Другой бы завёл бабу где-нить на стороне – но Валерику не нужна была другая, ему была нужна его любимая Ленка, та, которая была раньше, до отъезда на заработки. Блять, как же он теперь жалел об этом отъезде… Бухло тоже облегчения не приносило, а по утрам просыпацца было и вовсе тяжко, хоть в петлю лезь. А в петлю он не хотел – хотел жить, и жить щастливо, только не знал как это теперь…
Так прошло ещё около года. Однажды, весенним вечером, Валерик с тяжёлой головой бродил по пустырю, среди каких-то заброшенных кирпичных недостроек, буцая носком ботинка мелкие камешки. И уловил краем глаза в отблесках заходящего солнца какую-то до боли знакомую линию. Остановившись, остолбенело смотрел на светящуюся кривую на земле – узнал почти забытый изгиб Ленкиной шеи, как бывало, когда она закидыала голову, подставляла ямочку у ключицы под его жадные поцелуи. При ближайшем рассмотрении, линия состояла из осколков стекла, лежащих на дне старого, почти прогнившего корыта, в каких строители часто месят раствор, носят песок и.т.д. Валерик присел на корточки и потрогал стекляшки – они присохли к остаткам цемента на дне. Тогда он, подумав, доложил ещё несколько стёклышек. Отошёл, глянул, поправил, доложил ещё… Через минут 15 в верху изгиба шеи обозначился контур Ленкиного уха – такой некогда близкий и до сих пор любимый…
Так начался процесс создания Валериком портрета, памятника его былому быстротечному щастью, иконы его почившего персонального божества. Теперь он вглядывался в каждый осколочек стекла, мысленно сопоставлял его с уже сложенной мозаикой, забирал его с собой или с досадой отшвыривал его подальше. Особо ценились кусочки цветного стекла. Некоторые стёкла он подкрашивал сам, для получения нужного оттенка. Иногда в результате работы получалась почти живая, жывущая и трепещущая часть портрета, иногда же ему приходилось отскрёбывать прилепленные на размоченной глине стёклышки и терпеливо выкладывать фрагмент по новой. Работа приносила успокоение, временное забвение горя. И каждый вечер работа продолжалась вновь.

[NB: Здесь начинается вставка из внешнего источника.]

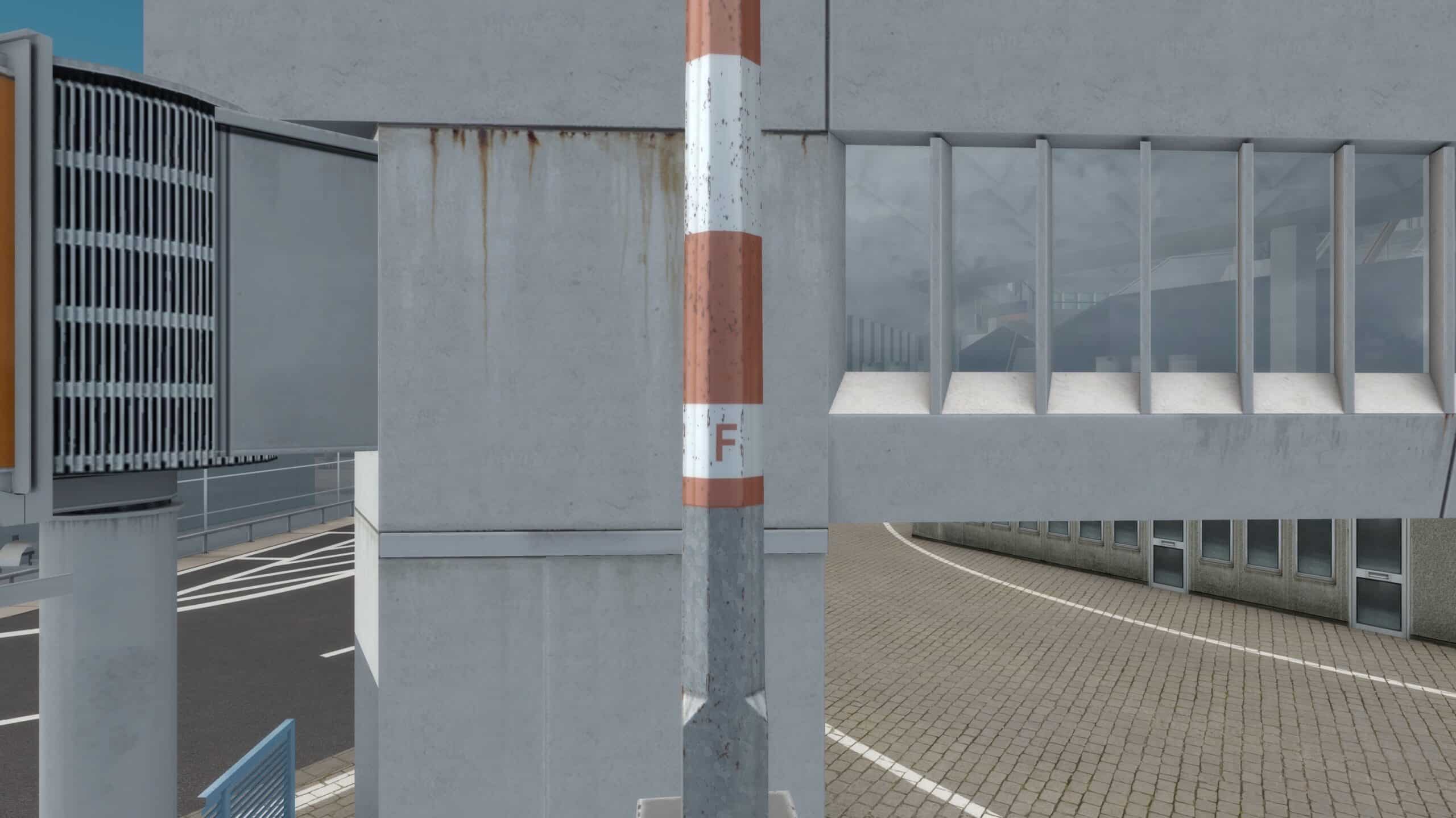 Die Jetways sehen sehr gut aus, aber als Beispiel der Qualität der Modellierung würde ich gerne diesen belanglosen Mast des Flutlichts heranziehen, dessen leichte Lackschäden doch echt nett anzusehen sind.
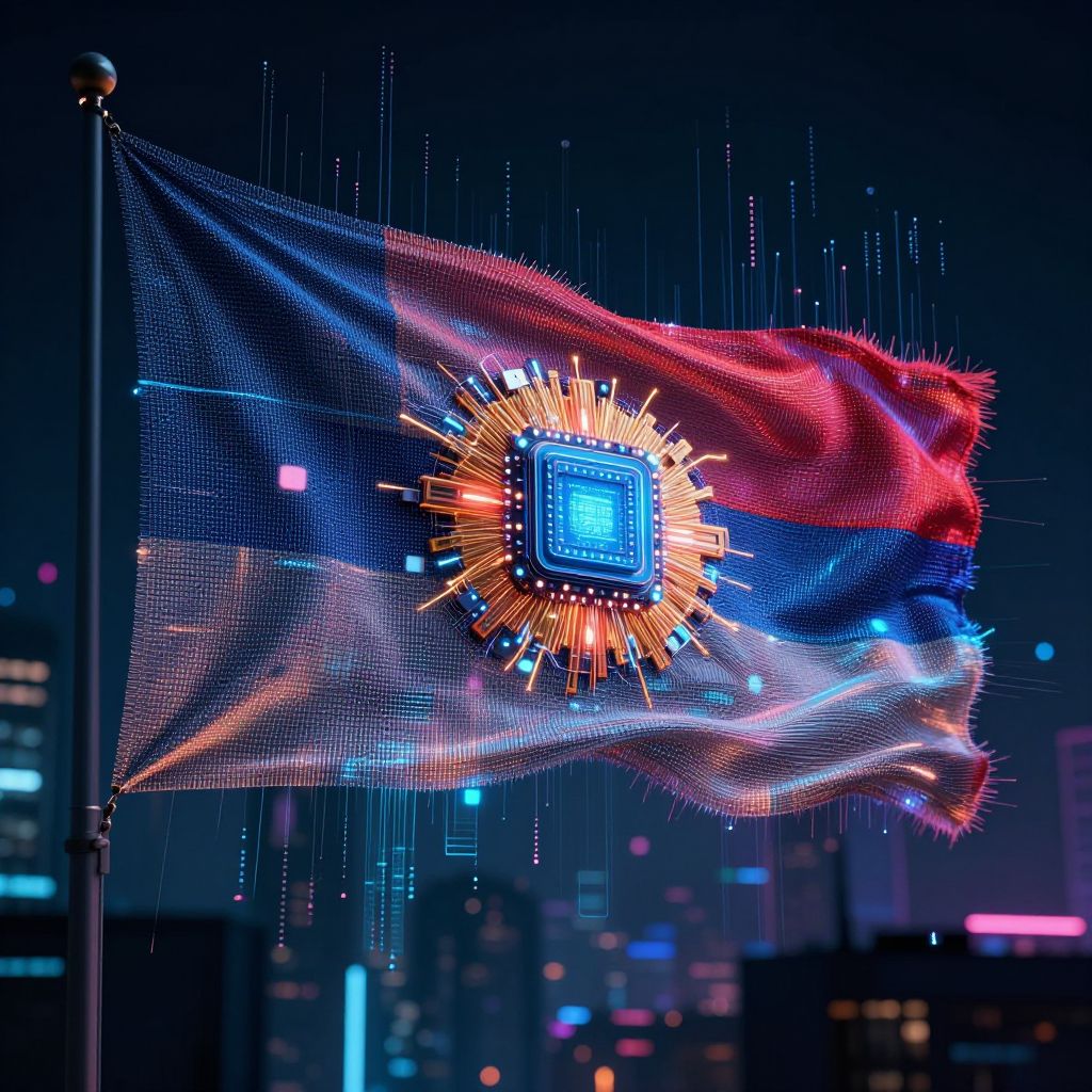 Flag AI artwork, an intricate flag composed of glowing microchips and woven fiber optics, fluttering in a digital breeze, surrounded by holographic data streams and a dark futuristic cityscape, neon highlights and a cybernetic atmosphere, highly detailed textures

Корыто с рождающейся мозаикой Валерик хранил невдалеке от места творения – в одном из почти законченных строений, с 4мя стенами снаружи и какими-то простенками внутри. Хотя можно было оставлять корыто прямо на пустыре – в этой части городка, убогом мемориале несостоявшегося социалистического строительства, редко кто появлялся. Но не хотелось бросать портрет просто так, где попало – чуство, понятное любому художнику. Один раз, занеся мозаику в развалины и прислонив к стене, Валерик остановился чтобы взглянуть напоследок на результат сегодняшней работы. И, как в 1й раз, когда он увидел осколки в корыте, странное волнение поднялось в его душе. Он почуствовал обращённое к нему лицо любимой, правда с только ещё обозначенными линиями бровей, глаз, ещё без носа и губ… Но это было оно. Валерик почуствовал небывалое, до боли отчаянное напряжение хуя. Уже слабо понимая, что он делает, вытащил из штанов хуй, сделал несколько конвульсивных движений рукой и с звериным рёвом выпустил мощную струю давно запертого семени на стену – кончать на мозаику он не стал – кто ж кончает на самый светлый образ всей жызни…

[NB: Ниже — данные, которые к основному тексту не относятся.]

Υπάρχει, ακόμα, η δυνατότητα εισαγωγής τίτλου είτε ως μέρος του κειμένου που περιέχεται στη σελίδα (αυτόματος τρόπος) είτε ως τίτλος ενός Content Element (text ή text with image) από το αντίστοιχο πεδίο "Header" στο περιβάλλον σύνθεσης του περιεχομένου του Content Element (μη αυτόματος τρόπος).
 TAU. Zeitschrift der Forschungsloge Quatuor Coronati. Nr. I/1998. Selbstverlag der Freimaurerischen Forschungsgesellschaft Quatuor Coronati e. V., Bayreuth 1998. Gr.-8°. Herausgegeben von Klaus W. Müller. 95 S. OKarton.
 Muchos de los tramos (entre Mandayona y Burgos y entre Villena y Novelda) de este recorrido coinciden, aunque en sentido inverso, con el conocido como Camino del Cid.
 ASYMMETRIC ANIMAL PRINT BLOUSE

С тех пор Валерик больше не выносил своё творение на пустырь, а работал там же, в развалинах, периодически прерывая работу актами самоудовлетворения. Когда же, к вечеру, когда всё раньше наступающие сумерки уходящего лета делали его работу невозможной, то он предавался неистовой дрочке, в окружении почти ощутимых видений, и горящие любовью и страстью глаза Ленки с портрета жгуче ласкали его накалённый вожделением хуй. Он чуствовал что сходит с ума и был щастлив – более сладкого безумия он и не мог себе представить.

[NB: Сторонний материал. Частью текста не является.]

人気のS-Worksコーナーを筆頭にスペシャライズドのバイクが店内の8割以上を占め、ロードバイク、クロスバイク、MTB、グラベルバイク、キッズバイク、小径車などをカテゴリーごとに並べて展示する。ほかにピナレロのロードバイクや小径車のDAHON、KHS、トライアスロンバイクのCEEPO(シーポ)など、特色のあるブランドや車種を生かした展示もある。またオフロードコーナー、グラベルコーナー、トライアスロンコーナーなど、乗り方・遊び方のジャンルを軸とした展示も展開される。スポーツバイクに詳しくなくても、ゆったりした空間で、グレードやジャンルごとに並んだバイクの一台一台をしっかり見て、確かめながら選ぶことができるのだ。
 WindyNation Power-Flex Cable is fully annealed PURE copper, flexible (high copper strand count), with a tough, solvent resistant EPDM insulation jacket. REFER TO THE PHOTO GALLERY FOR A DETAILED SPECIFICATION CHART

Между тем, пока портрет приобретал всё больше и больше сходства с оригиналом, Валерик стал оживлённей, приветливей, уже принимал иногда участие в обеденных застольях товарищей по работе, не прятался от былых друзей – разве что после рабочего дня тут же быстро уходил – домой, к любимой жене, как думали все. И тихо завидовали в глубине души – мало кто до сих пор сохранил изначальную остроту чуств к супруге, а у многих её и не было вовсе. А Валерик действительно бежал к жене… только не домой, к Утопленнице, как он прозвал про себя реальную Лену, а в свою стихийную мастерскую. Портрет должен был быть готов к 2 октября, к её дню рождения. А потом…что? Потом он начнёт её новый портрет, благо разных её образов его память хранила немало…
В самом конце сентября, вечером 30 числа, Валерик с лёгкой душой подходил к стенам развалин. Работа была на 9/10 готова и он сознательно тянул завершение, чтоб доложить последнее стёклышко 2го числа, открыть бутылку так любимого некогда Ленкой красного десертного и в2ём отметить её 24-летие. Недавно прошёл дождь и Валерик смотрел под ноги, дабы не подскользнуцца на коварной жыдкой грязи. У самого входа в строение он увидел отпечатанные в грунте следы сапог – явно принадлежавшие не ему. Сердце тревожно и неприятно икнуло. Забыв об осторожности, бегом, скользя по размокшей глине, он влетел в развалины.
Корыто лежало на земле, с пробитым днищем, гнутыми краями, судя по глубоко вдавленным следам сапог, по нему долго и с усердием топтались. В отпечатках подошв беспомощно и осиротело блестели отлетевшие стёклышки. Некоторые стёкла до сих пор остались на пробитом дне корыта. На остатках растерзанной мозаики красовалась огромная куча гавна, с видневшимися непереваренными зёрнышками кукурузы. Валерик отупело смотрел с минуту на мерзкое зрелище, потом неудержимо и мучительно проблевался, успев зачем-то забежать за простенок. Когда последние спазмы утихли в кишечнике и он вытер залитые слезами глаза, в поле зрения попали здоровенные грязные резиновые сапоги. Переведя взгляд дальше разглядел лежавшего вниз лицом человека, в драном ватнике, старых рваных выцветших солдатских штанах, со спутанными грязными седыми волосами. Рядом лежала пустая бутылка из под бодяжной водки «Старорусская».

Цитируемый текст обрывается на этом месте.